Hoxton Hall is one of London’s few remaining music halls; beautifully preserved, with high stage and wooden gallery intact. The perfect setting, then, for a mock-Victorian revue.
The Parlour’s Cautionary Tale has come on in leaps and bounds. The structure is much as it was: a ludicrously OTT melodrama of murder most foul a frame on which to hang a series of variety acts and musical comedy vignettes. There are still inconsistencies in performance skills and levels of engagement, which could perhaps be ironed out by a skilful director; but there have been shifts that have made the whole thing hang together more effectively.
In particular, the care and attention to the ‘offstage’ sections has upped the ante considerably. The little cabaret tables are decorated prettily, furnished with ‘newspapers’ advertising magical cures for all ills. The walkabout character Miss Fanny Brown has found her form in her dual role as door-girl and Sally Army saver-of-souls (admonishing us all for our enslavement to the demon drink). Archibald Floss’s Museum of Prodigies, the interval entertainment, is a marvellous show-within-the-show – a lovingly assembled installation-performance in which we encounter a whole horde of freaks, including a baby pickled in a bottle, a man who walks on broken glass, and the infamous escaping spiderwoman, Spidora.
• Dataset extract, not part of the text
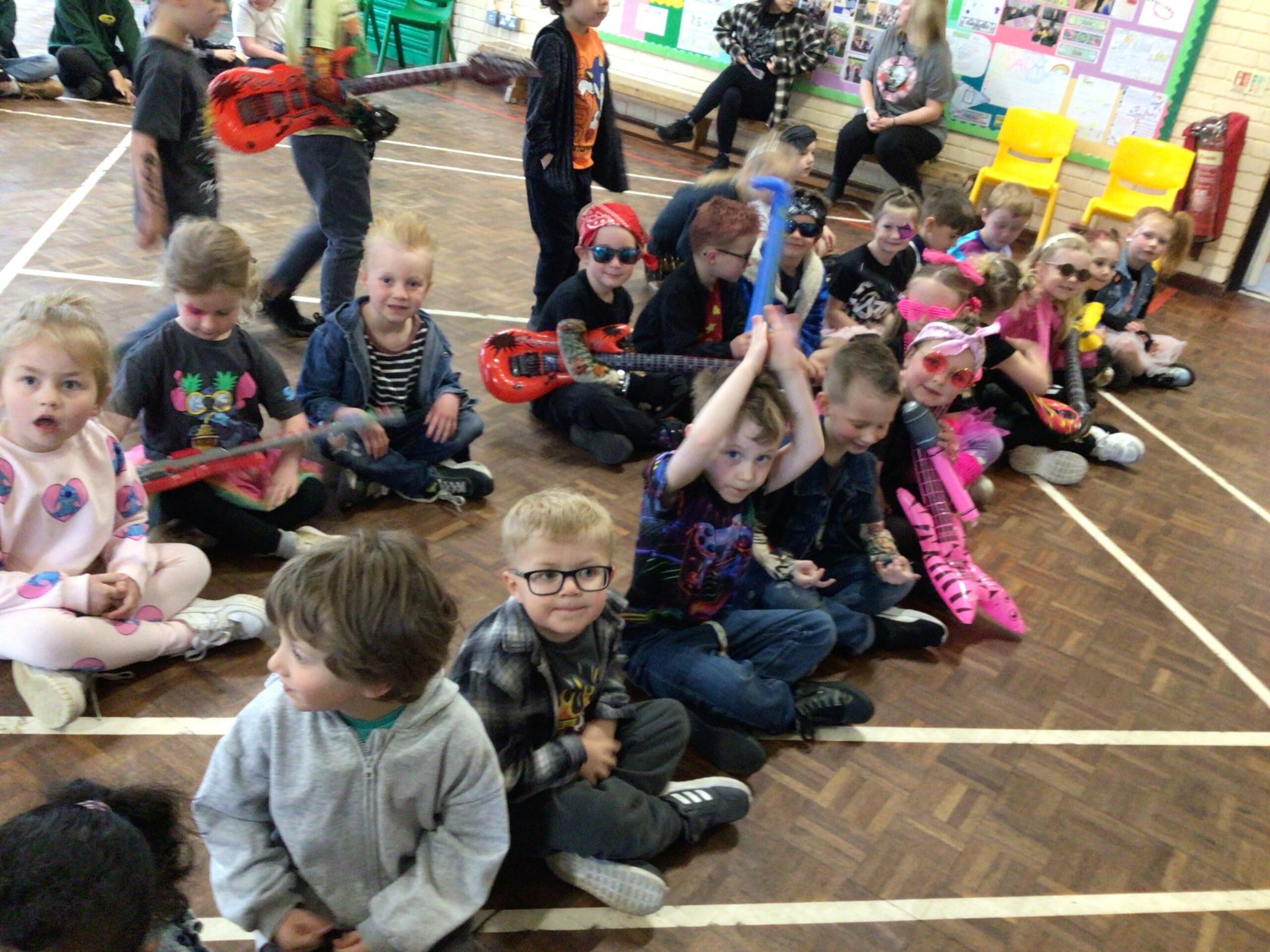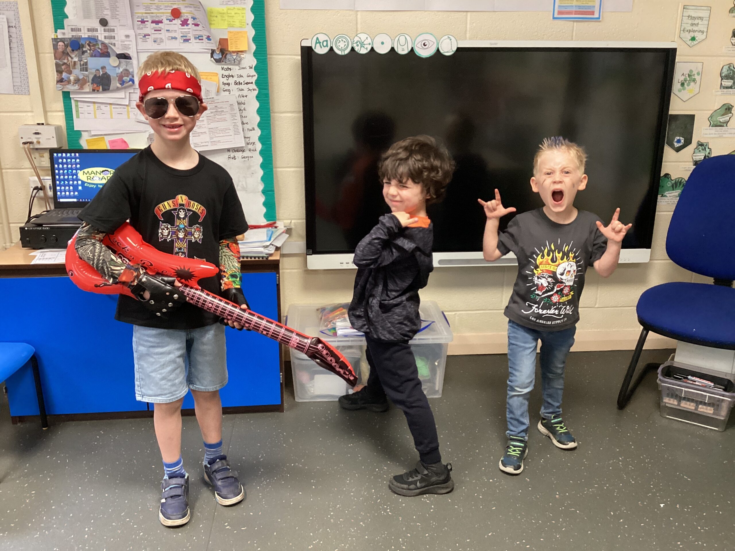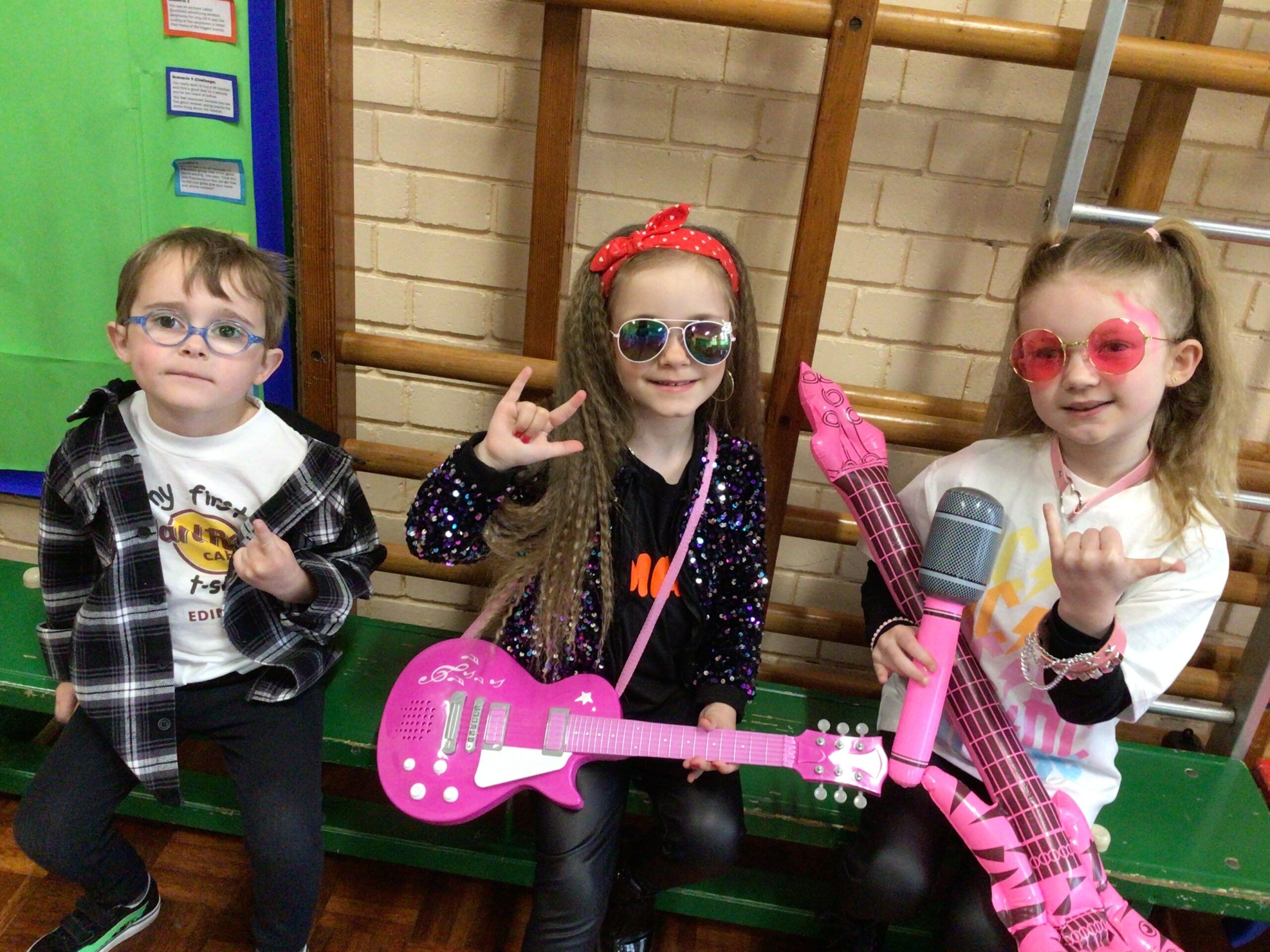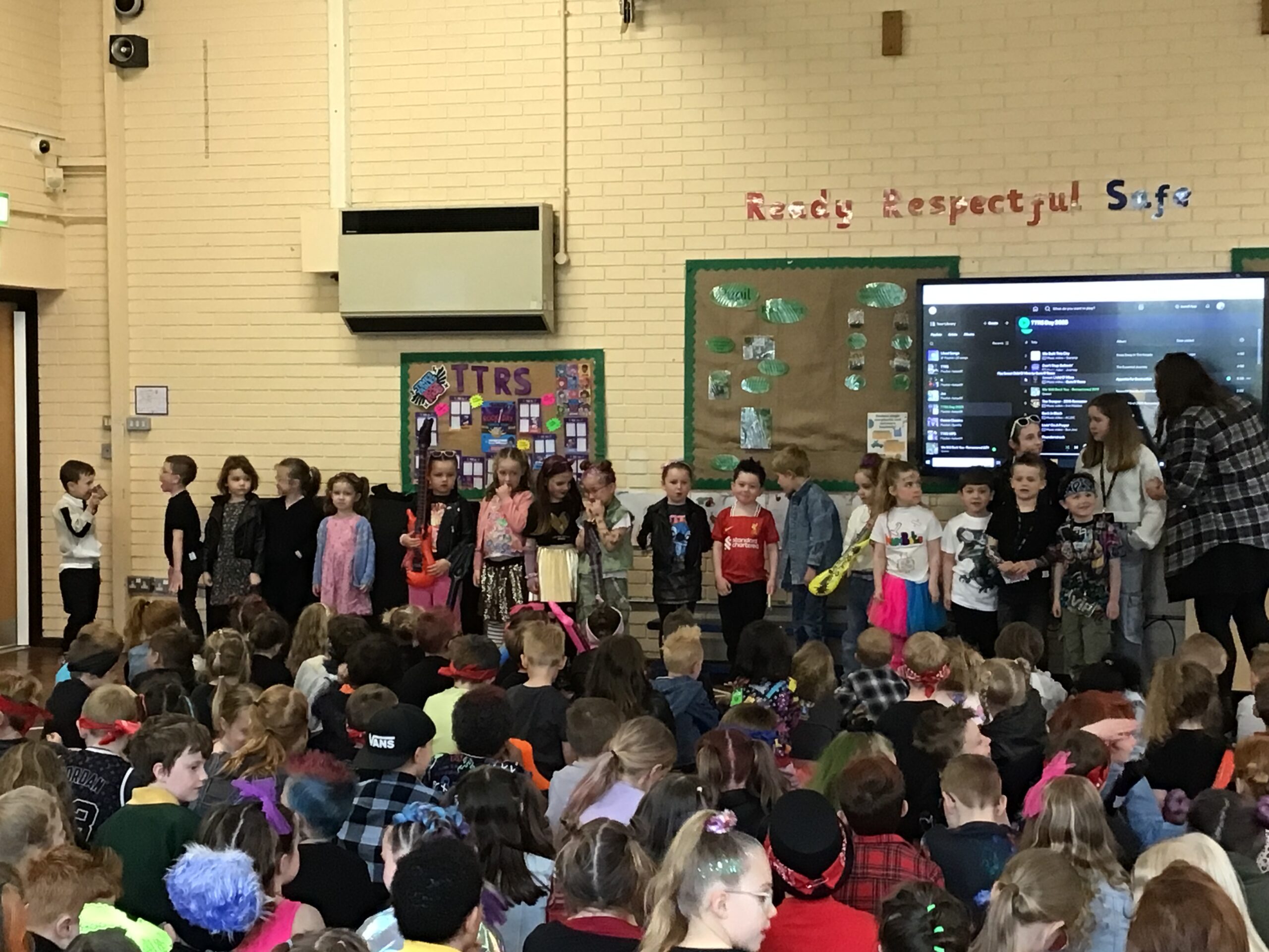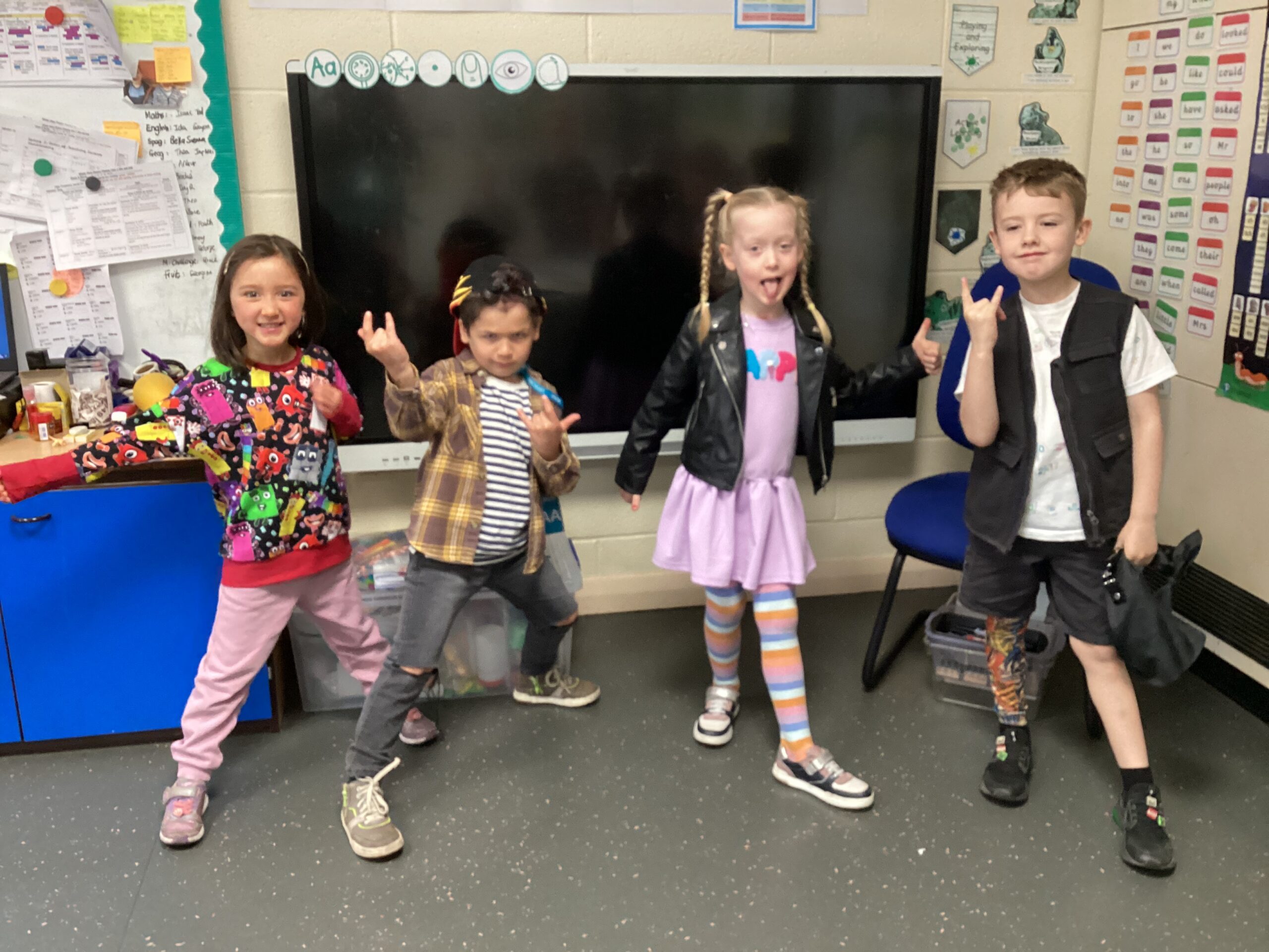On Monday 31st March 2025 we held a Times Tables Rock Stars Day. – children in KS2 were dressed up as rock stars and KS1/Reception children as numbers/robots. See below pictures from the TTR day.

Meanwhile back in the Manor, the loony Lord (aka Professor Elemental) raps on the joys of tea, and transmutes into a Wildman; recalcitrant butlers dust down their circus tricks; and the six-times-widowed Miss Sadie Belle is turned into a grotesque Day of the Dead figure, stripped to the bare and bloody bones by the morbidly musical Butcher Boys. A cautionary tale indeed.